"""

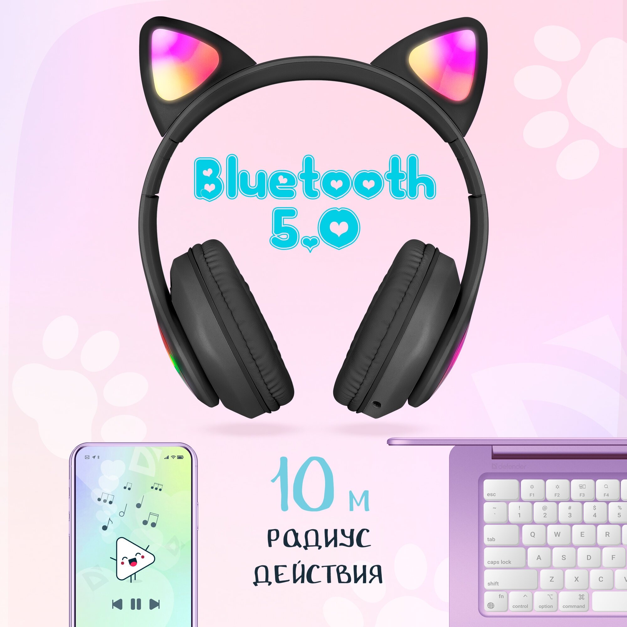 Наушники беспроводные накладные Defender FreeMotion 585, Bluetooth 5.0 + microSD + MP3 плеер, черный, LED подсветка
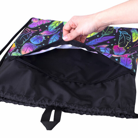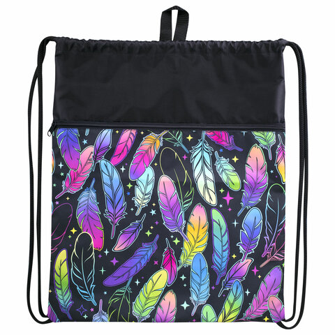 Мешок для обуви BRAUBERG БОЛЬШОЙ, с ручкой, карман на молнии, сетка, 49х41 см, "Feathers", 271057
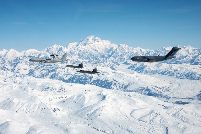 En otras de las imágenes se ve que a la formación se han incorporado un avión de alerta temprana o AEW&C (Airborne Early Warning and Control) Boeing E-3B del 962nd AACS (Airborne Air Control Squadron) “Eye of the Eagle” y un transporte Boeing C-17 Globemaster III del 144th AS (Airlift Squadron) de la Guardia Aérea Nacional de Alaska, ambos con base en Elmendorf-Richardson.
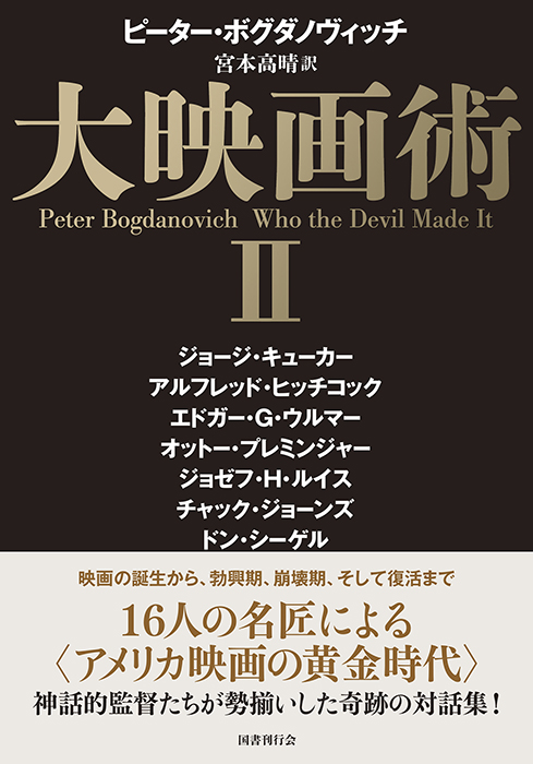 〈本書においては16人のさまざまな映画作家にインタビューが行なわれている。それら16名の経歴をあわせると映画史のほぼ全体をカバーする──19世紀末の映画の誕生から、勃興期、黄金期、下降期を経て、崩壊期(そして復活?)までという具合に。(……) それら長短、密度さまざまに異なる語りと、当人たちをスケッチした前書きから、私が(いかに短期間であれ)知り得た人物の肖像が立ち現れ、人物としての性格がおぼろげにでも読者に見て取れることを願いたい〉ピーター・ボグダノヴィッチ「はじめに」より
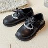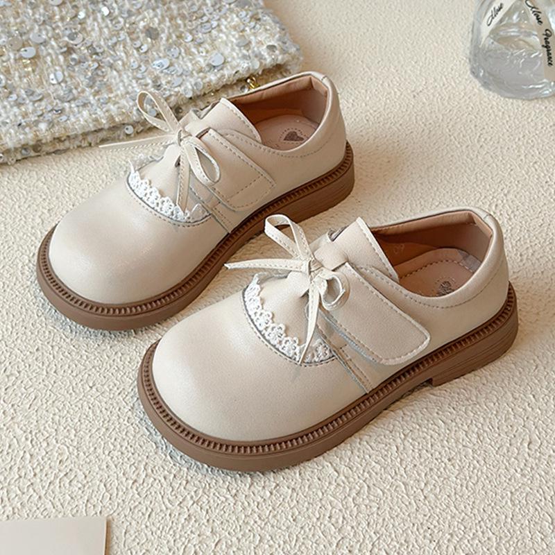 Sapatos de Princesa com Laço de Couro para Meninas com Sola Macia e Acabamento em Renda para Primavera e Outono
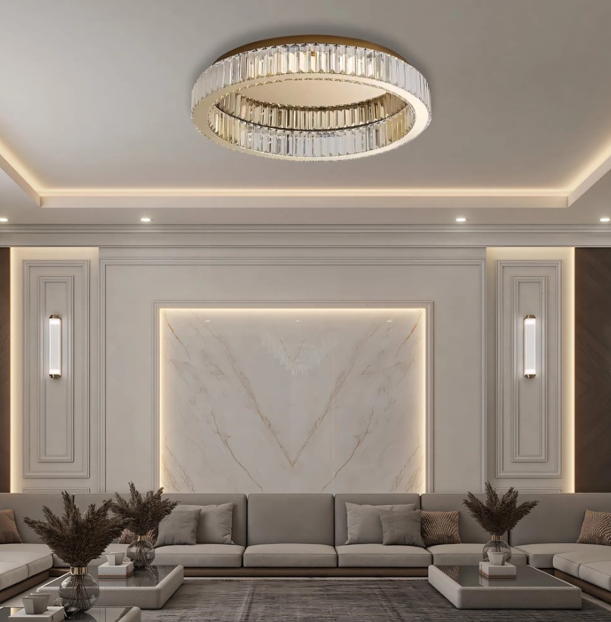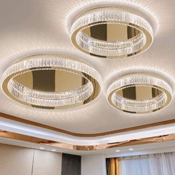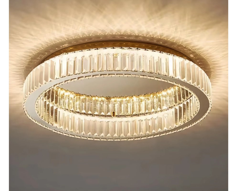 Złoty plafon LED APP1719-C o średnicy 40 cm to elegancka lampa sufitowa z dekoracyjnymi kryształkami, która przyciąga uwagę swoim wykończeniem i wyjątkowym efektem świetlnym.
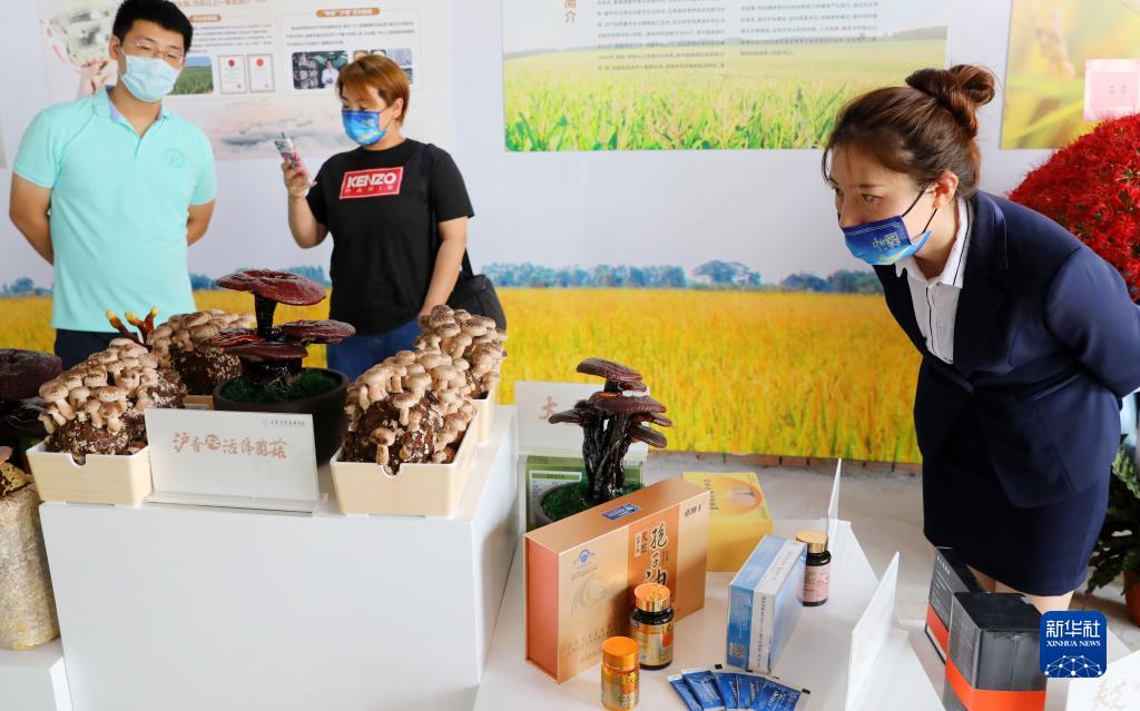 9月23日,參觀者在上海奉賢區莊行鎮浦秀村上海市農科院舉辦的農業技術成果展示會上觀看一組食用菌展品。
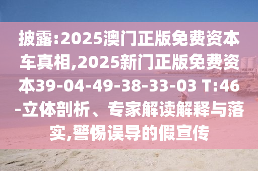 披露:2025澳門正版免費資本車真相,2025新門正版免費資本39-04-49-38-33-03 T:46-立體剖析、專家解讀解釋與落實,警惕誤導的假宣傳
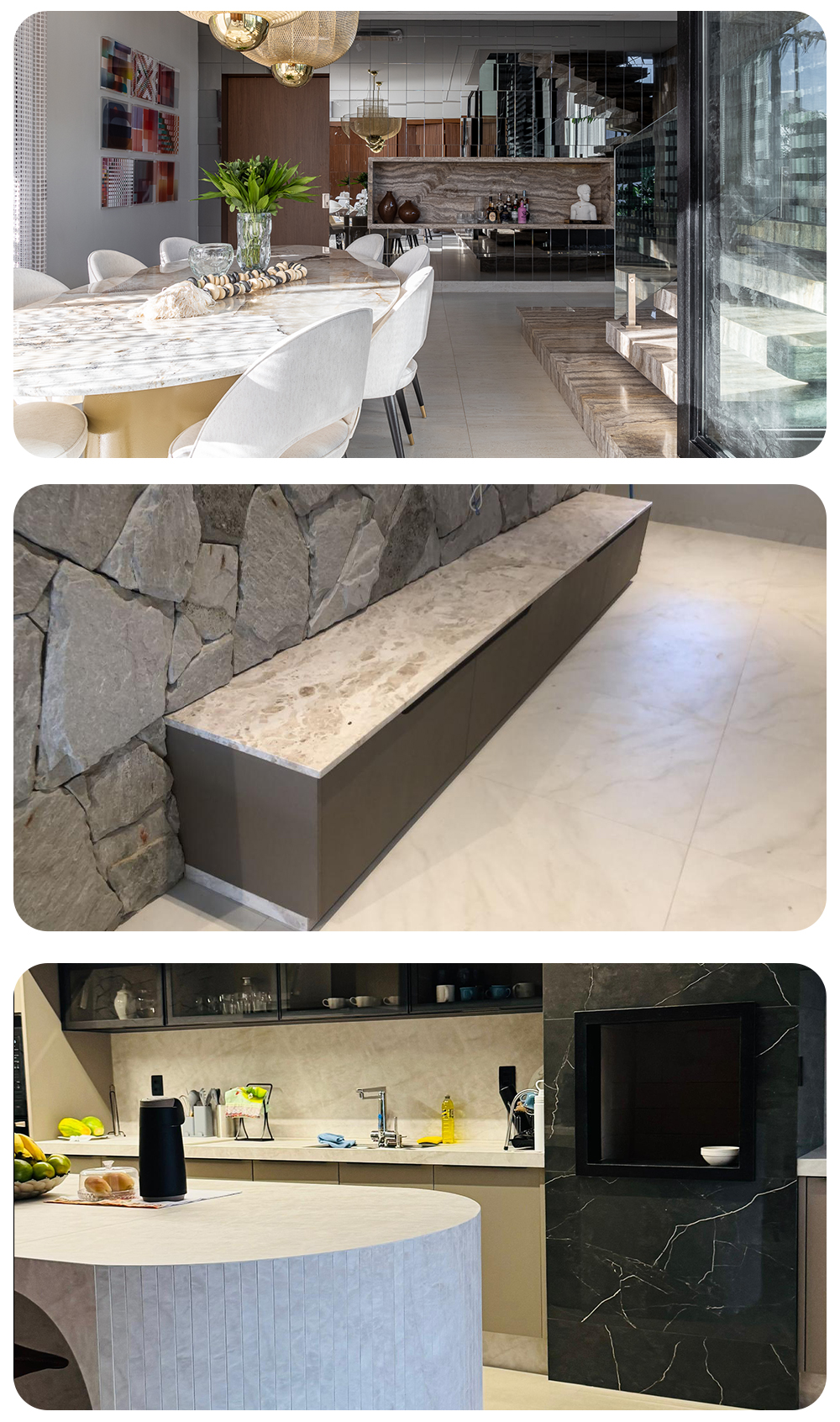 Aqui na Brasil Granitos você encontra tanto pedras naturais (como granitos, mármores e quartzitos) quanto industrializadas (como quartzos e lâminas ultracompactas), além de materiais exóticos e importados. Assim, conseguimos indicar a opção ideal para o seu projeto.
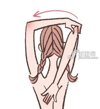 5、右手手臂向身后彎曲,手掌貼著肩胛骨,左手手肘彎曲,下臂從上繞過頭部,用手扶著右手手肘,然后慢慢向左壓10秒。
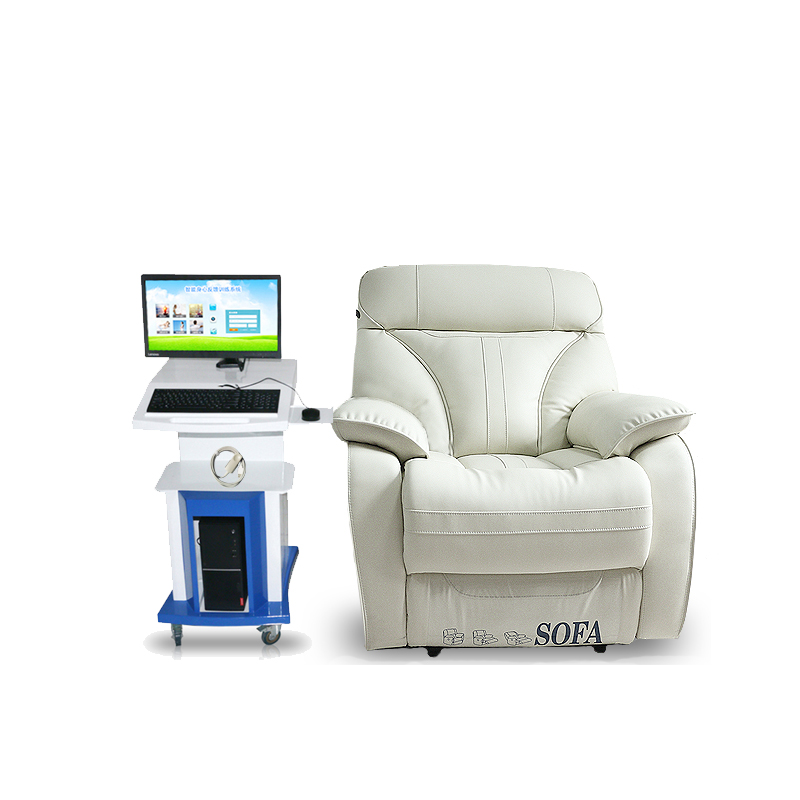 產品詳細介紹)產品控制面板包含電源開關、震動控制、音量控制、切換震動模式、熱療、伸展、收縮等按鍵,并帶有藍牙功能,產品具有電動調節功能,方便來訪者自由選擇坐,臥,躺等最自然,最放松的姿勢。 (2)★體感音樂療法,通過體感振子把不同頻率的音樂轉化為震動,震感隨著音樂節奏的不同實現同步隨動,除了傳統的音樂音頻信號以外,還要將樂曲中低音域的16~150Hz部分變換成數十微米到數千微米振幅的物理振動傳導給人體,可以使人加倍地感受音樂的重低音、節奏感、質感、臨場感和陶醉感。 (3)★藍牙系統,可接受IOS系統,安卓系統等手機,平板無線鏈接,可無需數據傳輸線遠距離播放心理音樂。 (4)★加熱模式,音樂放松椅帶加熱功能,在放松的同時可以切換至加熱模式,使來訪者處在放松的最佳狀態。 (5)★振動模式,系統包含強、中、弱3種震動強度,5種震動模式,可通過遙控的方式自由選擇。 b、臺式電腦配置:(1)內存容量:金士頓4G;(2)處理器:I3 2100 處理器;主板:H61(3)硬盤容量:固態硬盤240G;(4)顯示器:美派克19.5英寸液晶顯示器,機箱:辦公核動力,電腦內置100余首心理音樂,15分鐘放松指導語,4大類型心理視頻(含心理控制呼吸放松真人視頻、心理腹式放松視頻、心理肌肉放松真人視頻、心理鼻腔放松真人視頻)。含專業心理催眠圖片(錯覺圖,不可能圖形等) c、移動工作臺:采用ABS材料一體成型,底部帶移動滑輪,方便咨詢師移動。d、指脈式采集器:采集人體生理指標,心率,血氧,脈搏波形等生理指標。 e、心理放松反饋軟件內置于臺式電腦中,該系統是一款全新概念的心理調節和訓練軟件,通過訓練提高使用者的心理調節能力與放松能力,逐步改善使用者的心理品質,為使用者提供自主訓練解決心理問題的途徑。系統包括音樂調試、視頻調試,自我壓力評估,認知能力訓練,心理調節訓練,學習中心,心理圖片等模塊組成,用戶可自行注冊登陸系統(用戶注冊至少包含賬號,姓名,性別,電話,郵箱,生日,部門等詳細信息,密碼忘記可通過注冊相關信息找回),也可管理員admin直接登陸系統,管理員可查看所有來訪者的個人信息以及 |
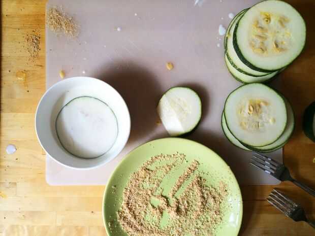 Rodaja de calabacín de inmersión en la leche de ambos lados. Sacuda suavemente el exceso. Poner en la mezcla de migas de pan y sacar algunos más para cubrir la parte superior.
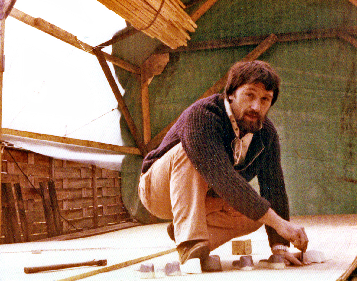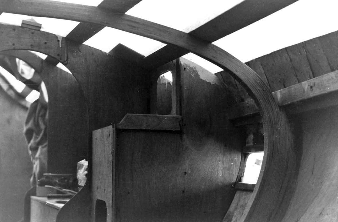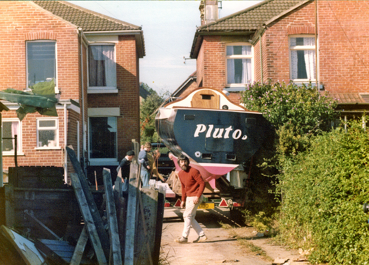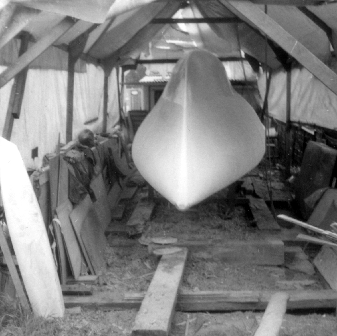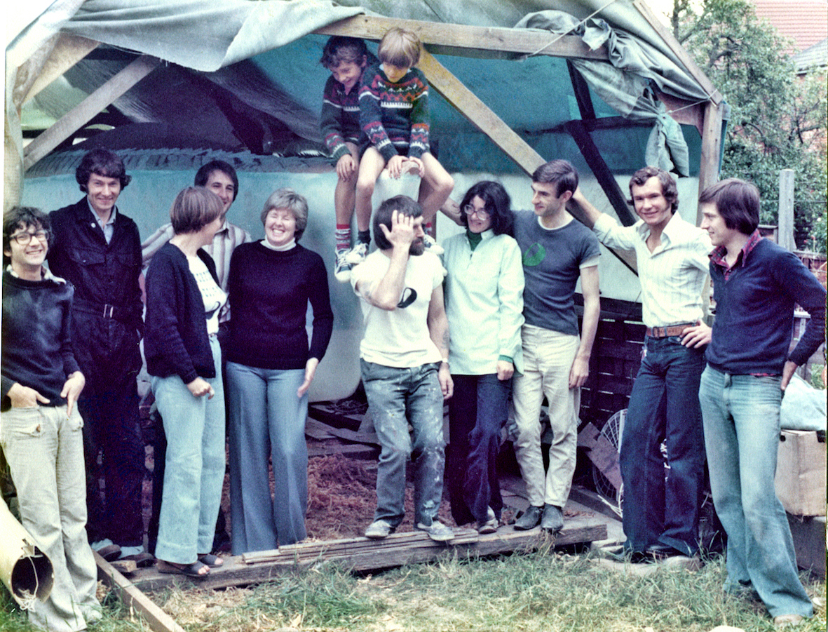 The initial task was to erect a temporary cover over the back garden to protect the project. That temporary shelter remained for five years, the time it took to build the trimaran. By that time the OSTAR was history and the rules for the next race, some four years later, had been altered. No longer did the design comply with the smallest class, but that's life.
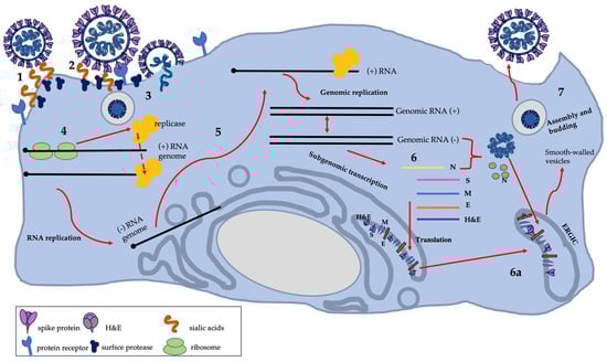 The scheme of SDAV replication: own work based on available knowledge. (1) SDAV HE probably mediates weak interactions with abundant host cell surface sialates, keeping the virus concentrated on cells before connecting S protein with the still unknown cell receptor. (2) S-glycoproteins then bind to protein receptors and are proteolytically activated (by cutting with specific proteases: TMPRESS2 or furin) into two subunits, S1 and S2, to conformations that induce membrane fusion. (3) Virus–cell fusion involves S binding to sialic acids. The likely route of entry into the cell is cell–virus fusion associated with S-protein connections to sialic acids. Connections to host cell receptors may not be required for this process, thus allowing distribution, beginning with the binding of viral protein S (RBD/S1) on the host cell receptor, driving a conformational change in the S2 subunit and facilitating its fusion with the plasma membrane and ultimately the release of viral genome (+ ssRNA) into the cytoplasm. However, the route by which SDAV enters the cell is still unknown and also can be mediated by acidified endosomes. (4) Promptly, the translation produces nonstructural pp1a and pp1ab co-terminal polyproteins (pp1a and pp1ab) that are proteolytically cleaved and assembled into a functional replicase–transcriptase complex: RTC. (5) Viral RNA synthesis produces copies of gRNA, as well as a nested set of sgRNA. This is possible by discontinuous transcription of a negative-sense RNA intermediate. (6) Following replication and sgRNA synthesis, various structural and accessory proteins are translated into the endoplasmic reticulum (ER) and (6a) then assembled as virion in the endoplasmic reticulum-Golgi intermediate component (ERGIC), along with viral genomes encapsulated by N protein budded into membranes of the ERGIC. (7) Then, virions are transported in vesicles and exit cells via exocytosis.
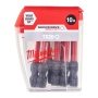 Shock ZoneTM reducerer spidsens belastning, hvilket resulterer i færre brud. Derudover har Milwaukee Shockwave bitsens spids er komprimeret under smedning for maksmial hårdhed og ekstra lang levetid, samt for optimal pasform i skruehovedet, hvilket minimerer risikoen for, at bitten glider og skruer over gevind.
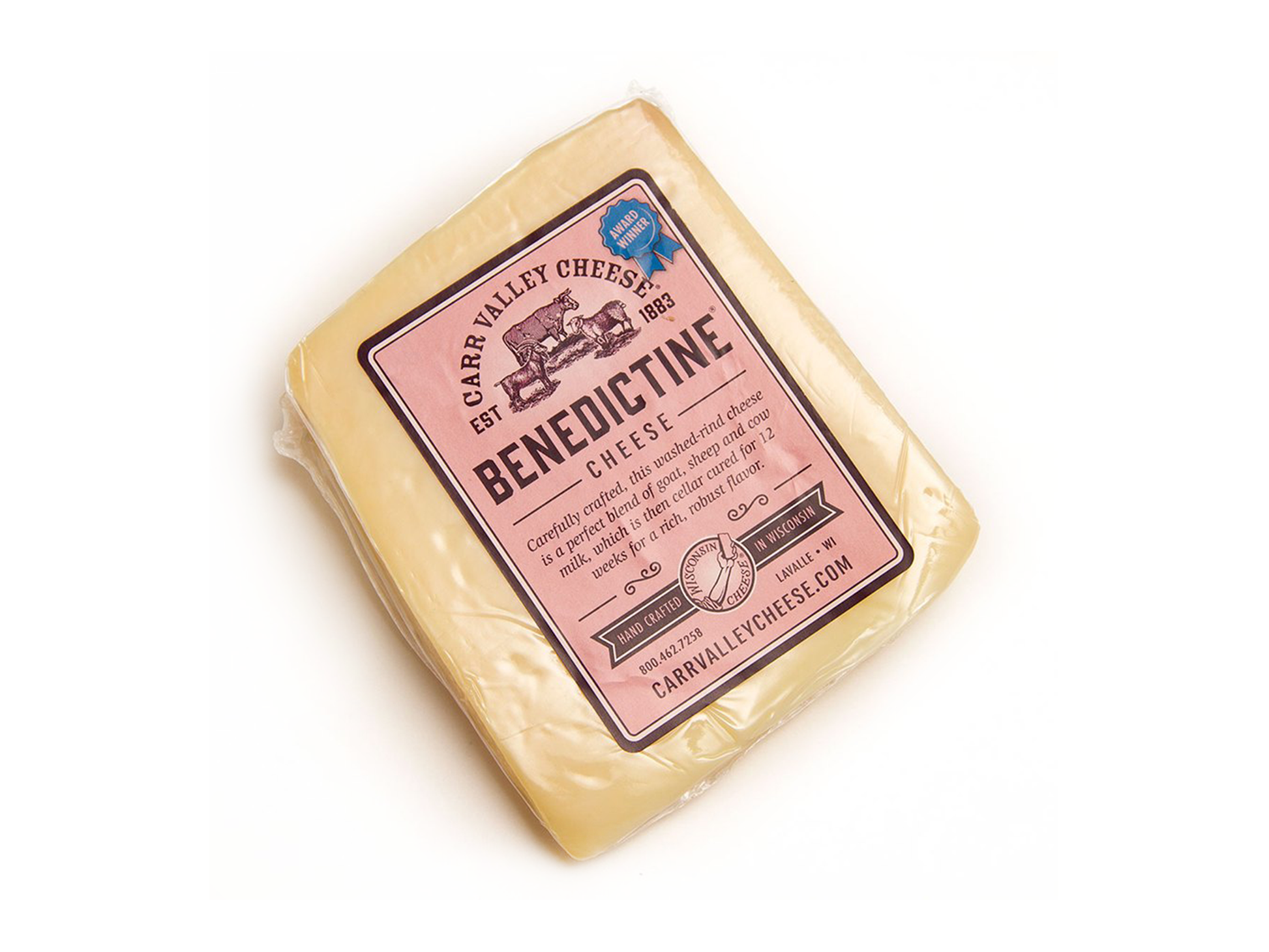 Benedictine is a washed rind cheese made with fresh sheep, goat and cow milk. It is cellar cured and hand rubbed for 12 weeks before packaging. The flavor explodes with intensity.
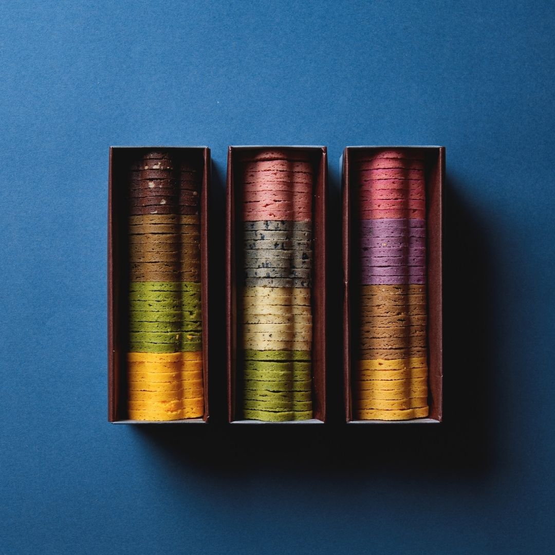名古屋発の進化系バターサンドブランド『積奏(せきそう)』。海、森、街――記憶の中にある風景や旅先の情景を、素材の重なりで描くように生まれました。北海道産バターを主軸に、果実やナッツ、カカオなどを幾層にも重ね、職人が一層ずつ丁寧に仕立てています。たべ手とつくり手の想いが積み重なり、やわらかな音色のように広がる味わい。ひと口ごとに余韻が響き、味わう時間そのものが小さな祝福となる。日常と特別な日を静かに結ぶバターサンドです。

"""

Exercise objective:
An exact transcription is needed of the lines from the one with "披露:2025澳門正版免費資" to the one with "5、右手手臂向身后彎曲,手掌" above, both ends included, with pictures left out.

Solution:
 披露:2025澳門正版免費資本車真相,2025新門正版免費資本39-04-49-38-33-03 T:46-立體剖析、專家解讀解釋與落實,警惕誤導的假宣傳
 Aqui na Brasil Granitos você encontra tanto pedras naturais (como granitos, mármores e quartzitos) quanto industrializadas (como quartzos e lâminas ultracompactas), além de materiais exóticos e importados. Assim, conseguimos indicar a opção ideal para o seu projeto.
 5、右手手臂向身后彎曲,手掌貼著肩胛骨,左手手肘彎曲,下臂從上繞過頭部,用手扶著右手手肘,然后慢慢向左壓10秒。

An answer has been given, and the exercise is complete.